[Stored entries]

%%

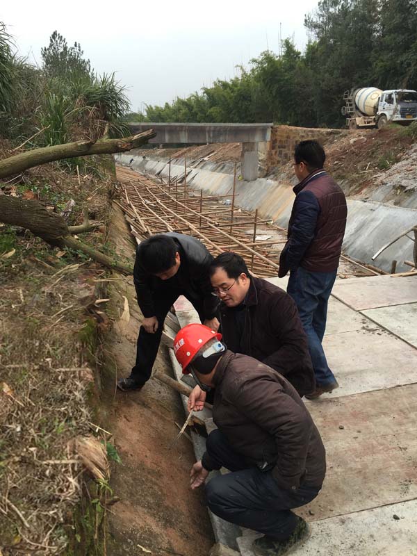 2015年12月28日下午,公司總經理徐洪良一行,蒞臨國家煙草總公司援建水源工程項目江西省興國縣長岡灌區改造工程施工現場檢查項目施工開展情況。
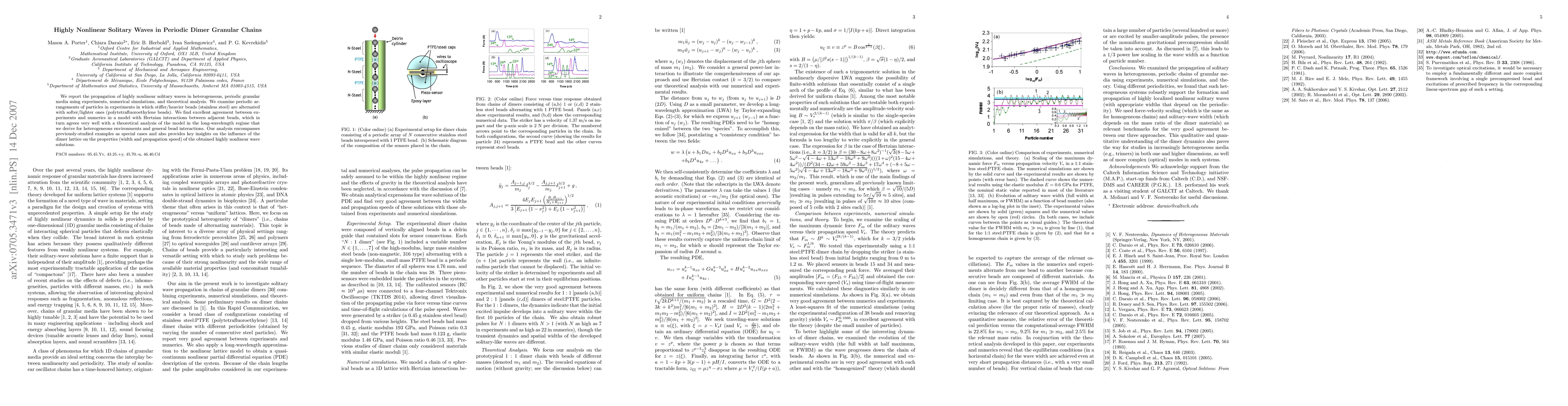 This research investigates the propagation of highly nonlinear solitary waves in periodic dimer granular chains, revealing excellent agreement between experimental results and numerical simulations. The study uses Hertzian interactions and provides theoretical insights into the effects of the dimer lattice on the wave's width and propagation speed.
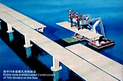 杭州灣跨海大橋工藝--海中70米梁整孔預制架設
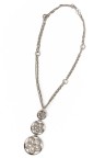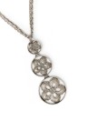 Collier double chaîne en métal argenté entrecoupée d'anneaux, retenant un pendentif composé de trois fleurs ajourées contenues dans des anneaux en chute Signé Longueur : 62 cm Dimensions du pendentif : 12 x 4,7 cm
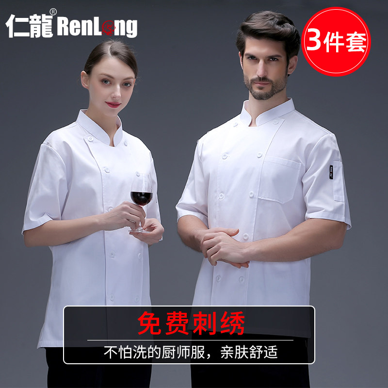 Kitchen chef overalls Male chef suit Short sleeve summer breathable summer dress Long sleeve high-end chef hotel catering
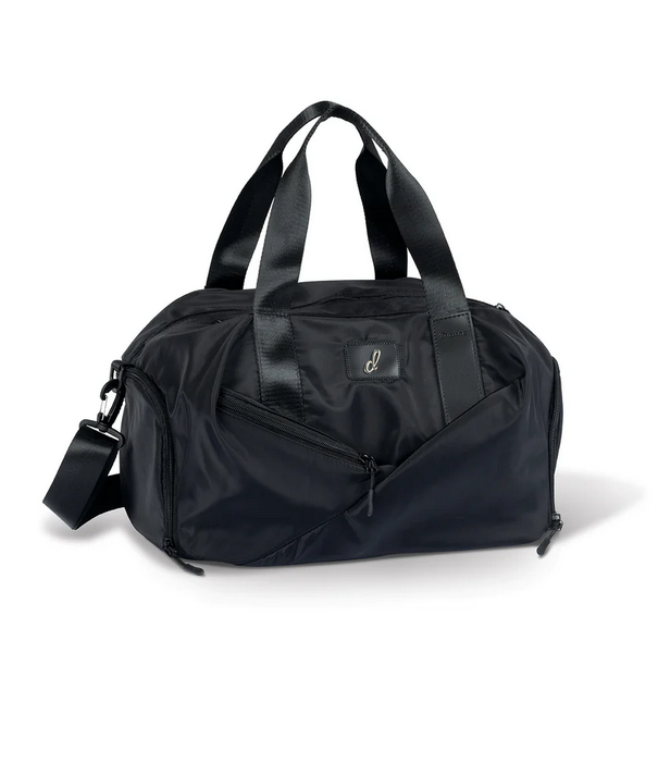 This amazing utility dancer duffle has it all. Roomy fully lined inside compartment in addition to a separate side entry pocket for shoes or wet items. Two additional front exterior pockets make organizing your dance gear a snap! Soft double carrying handles along with an adjustable shoulder strap and the word Dance engraved on the front and back strap completes this bag. Wipes clean and folds flat.Â
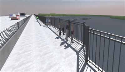 電腦模擬製成之新東向大橋旁之行人和自行車觀景道
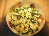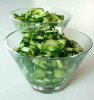 Яблоки обязательно должны быть кислого вкуса и твердые. Срежьте с них кожицу, нарежьте дольками (довольно толстенькими). Огурцы от кожицы не чистим, режем как на салат (не тоньше 7 мм), лук режем полукольцами, мелко режем перчик чили.
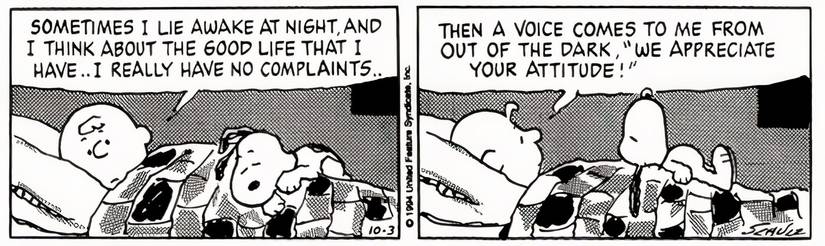 Mientras Charlie Brown está acostado en su cama, comenta lo bien que lo pasa y cómo a menudo piensa en todas las cosas positivas de su vida. Pero luego, Charlie Brown dice que, cada vez que estos pensamientos positivos inundan su mente, le asaltan pensamientos oscuros que son aún más poderosos. En este cómic, Charlie Brown revela que las ‘voces oscuras’ en su cabeza dicen: “apreciamos tu actitud“, como para decirle que su optimismo es admirable a pesar de su siempre presente desesperación.
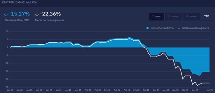Como se observa en el gráfico adjunto (fuente: Expansión), la cartera conservadora de Deutsche Bank muestra una caída del -7,4% en el año, frente a la caída del -10,8% de la media de nuestra competencia, lo que la sitúa en el puesto 2 del ranking de carteras elaborado por Expansión. En el caso de la cartera Arriesgada, la rentabilidad en el año se sitúa en el -15,3%, vs -22,3% de la media, lo que sitúa a nuestra cartera en el número 1 del ranking. En todo caso, estas cifras no ocultan un comportamiento muy negativo, consecuencia del extraordinario momento histórico en el que nos encontramos.
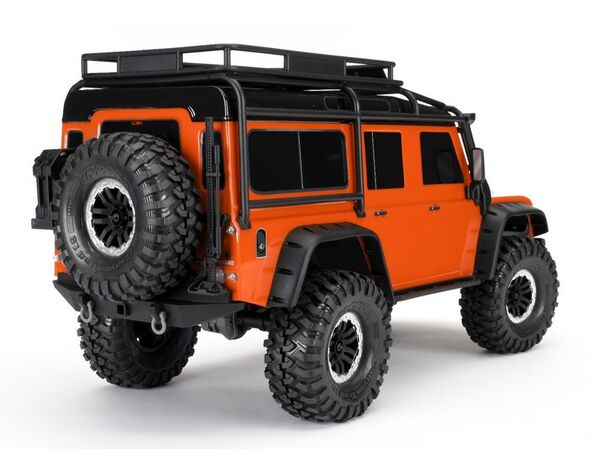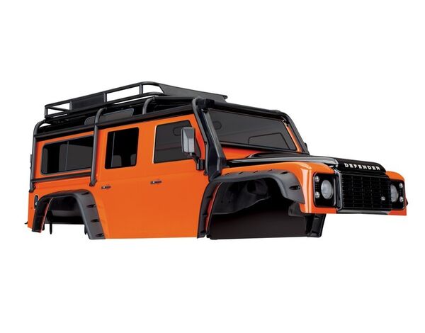 This special edition orange and black Defender body comes pre-cut, painted with applied decals, and ready to mount on the TRX-4 chassis (324mm). The body is fully assembled with a complement of highly detailed scale parts including Exocage, inner fenders, fuel canisters, snorkel, grill, and jack.
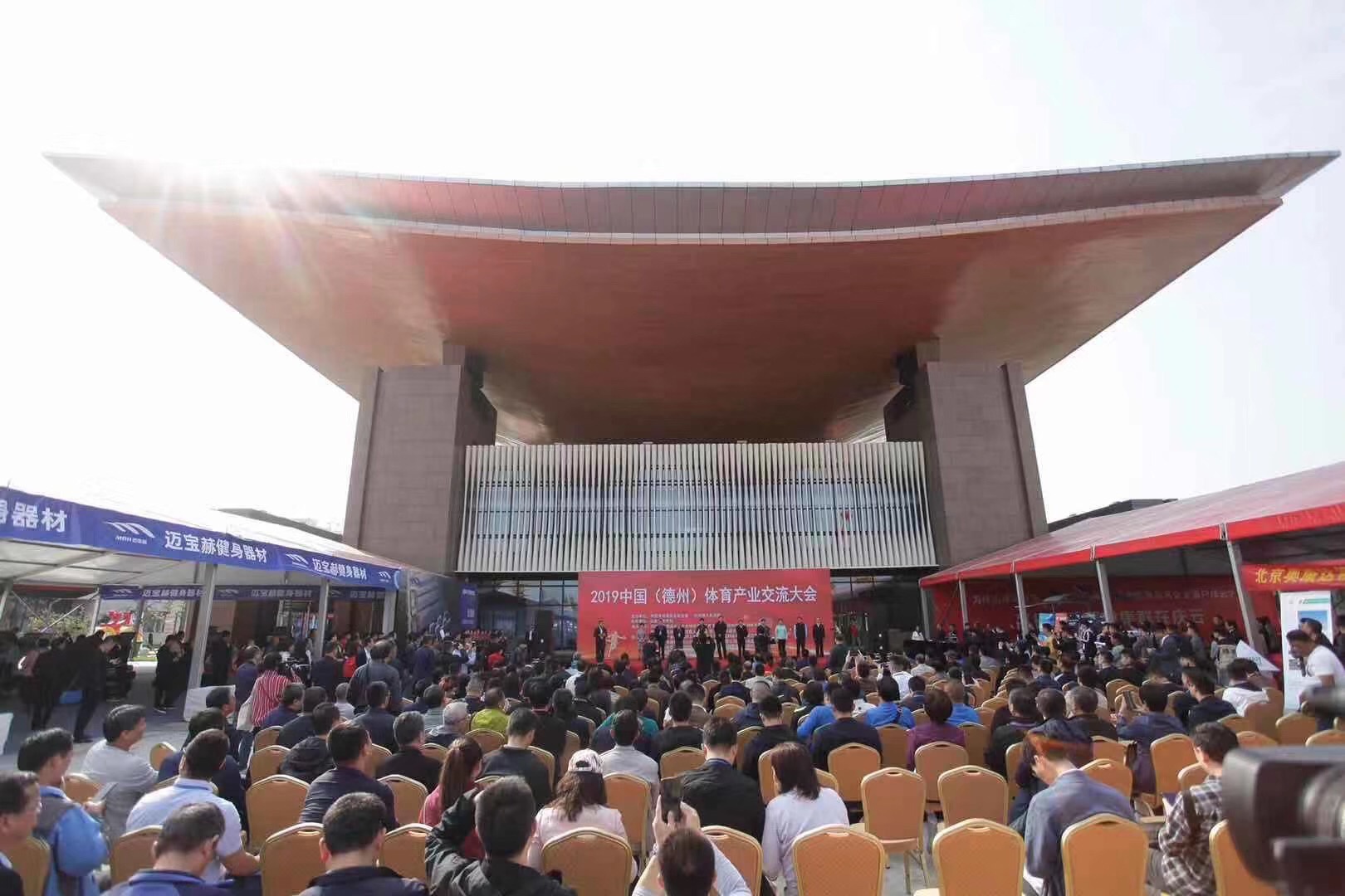 10月13日,2019中国(德州)体育产业交流大会在太阳能德州小镇开幕。大会由中国体育用品业联合会与德州市人民政府联合主办,山东省体育局支持,中国体育用品业联合会场馆事业工作委员会等单位共同承办。大会在 “融入京津冀助力新动能”的大背景下,以“德州智造·标准引领,助力体育产业升级”为主题,旨在充分展示区域体育产业发展成果,促进国际国内体育产业交流,扩大招商引资规模,搭建品牌商、渠道商和消费者展示与互动平台。开幕式上,好体育综合官网产业集团荣获“明星企业”称号。
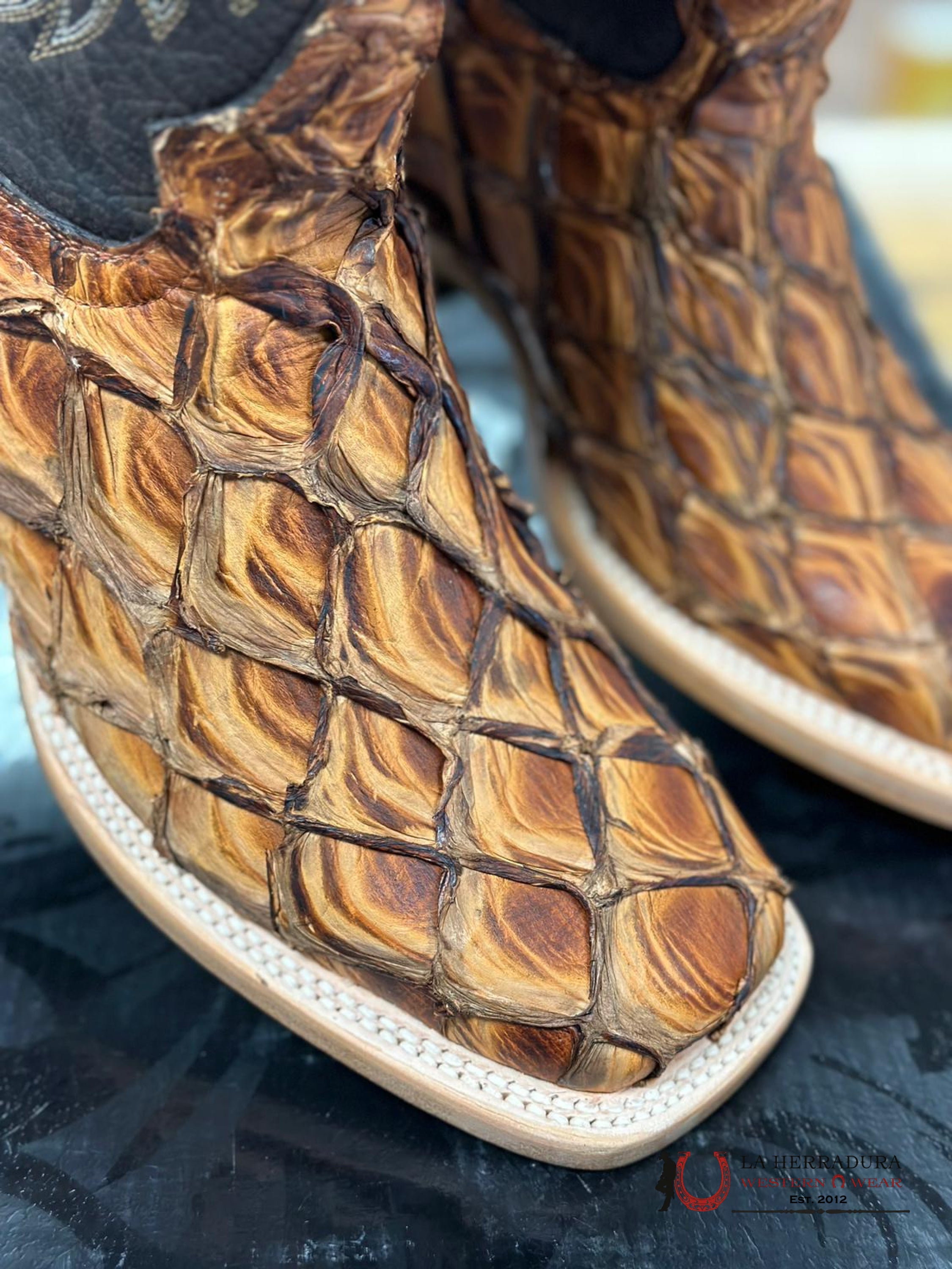 BOTAS TANNER MARK PUNTA CUADRADA COGNAC PIEL DE PESCADO EXÓTICO

%%

» **WORK ITEM**
All of the data above must be printed exactly, minus its pictures.

» **COMPLETED TASK**
 2015年12月28日下午,公司總經理徐洪良一行,蒞臨國家煙草總公司援建水源工程項目江西省興國縣長岡灌區改造工程施工現場檢查項目施工開展情況。
 This research investigates the propagation of highly nonlinear solitary waves in periodic dimer granular chains, revealing excellent agreement between experimental results and numerical simulations. The study uses Hertzian interactions and provides theoretical insights into the effects of the dimer lattice on the wave's width and propagation speed.
 杭州灣跨海大橋工藝--海中70米梁整孔預制架設
 Collier double chaîne en métal argenté entrecoupée d'anneaux, retenant un pendentif composé de trois fleurs ajourées contenues dans des anneaux en chute Signé Longueur : 62 cm Dimensions du pendentif : 12 x 4,7 cm
 Kitchen chef overalls Male chef suit Short sleeve summer breathable summer dress Long sleeve high-end chef hotel catering
 This amazing utility dancer duffle has it all. Roomy fully lined inside compartment in addition to a separate side entry pocket for shoes or wet items. Two additional front exterior pockets make organizing your dance gear a snap! Soft double carrying handles along with an adjustable shoulder strap and the word Dance engraved on the front and back strap completes this bag. Wipes clean and folds flat.Â
 電腦模擬製成之新東向大橋旁之行人和自行車觀景道
 Яблоки обязательно должны быть кислого вкуса и твердые. Срежьте с них кожицу, нарежьте дольками (довольно толстенькими). Огурцы от кожицы не чистим, режем как на салат (не тоньше 7 мм), лук режем полукольцами, мелко режем перчик чили.
 Mientras Charlie Brown está acostado en su cama, comenta lo bien que lo pasa y cómo a menudo piensa en todas las cosas positivas de su vida. Pero luego, Charlie Brown dice que, cada vez que estos pensamientos positivos inundan su mente, le asaltan pensamientos oscuros que son aún más poderosos. En este cómic, Charlie Brown revela que las ‘voces oscuras’ en su cabeza dicen: “apreciamos tu actitud“, como para decirle que su optimismo es admirable a pesar de su siempre presente desesperación.
Como se observa en el gráfico adjunto (fuente: Expansión), la cartera conservadora de Deutsche Bank muestra una caída del -7,4% en el año, frente a la caída del -10,8% de la media de nuestra competencia, lo que la sitúa en el puesto 2 del ranking de carteras elaborado por Expansión. En el caso de la cartera Arriesgada, la rentabilidad en el año se sitúa en el -15,3%, vs -22,3% de la media, lo que sitúa a nuestra cartera en el número 1 del ranking. En todo caso, estas cifras no ocultan un comportamiento muy negativo, consecuencia del extraordinario momento histórico en el que nos encontramos.
 This special edition orange and black Defender body comes pre-cut, painted with applied decals, and ready to mount on the TRX-4 chassis (324mm). The body is fully assembled with a complement of highly detailed scale parts including Exocage, inner fenders, fuel canisters, snorkel, grill, and jack.
 10月13日,2019中国(德州)体育产业交流大会在太阳能德州小镇开幕。大会由中国体育用品业联合会与德州市人民政府联合主办,山东省体育局支持,中国体育用品业联合会场馆事业工作委员会等单位共同承办。大会在 “融入京津冀助力新动能”的大背景下,以“德州智造·标准引领,助力体育产业升级”为主题,旨在充分展示区域体育产业发展成果,促进国际国内体育产业交流,扩大招商引资规模,搭建品牌商、渠道商和消费者展示与互动平台。开幕式上,好体育综合官网产业集团荣获“明星企业”称号。
 BOTAS TANNER MARK PUNTA CUADRADA COGNAC PIEL DE PESCADO EXÓTICO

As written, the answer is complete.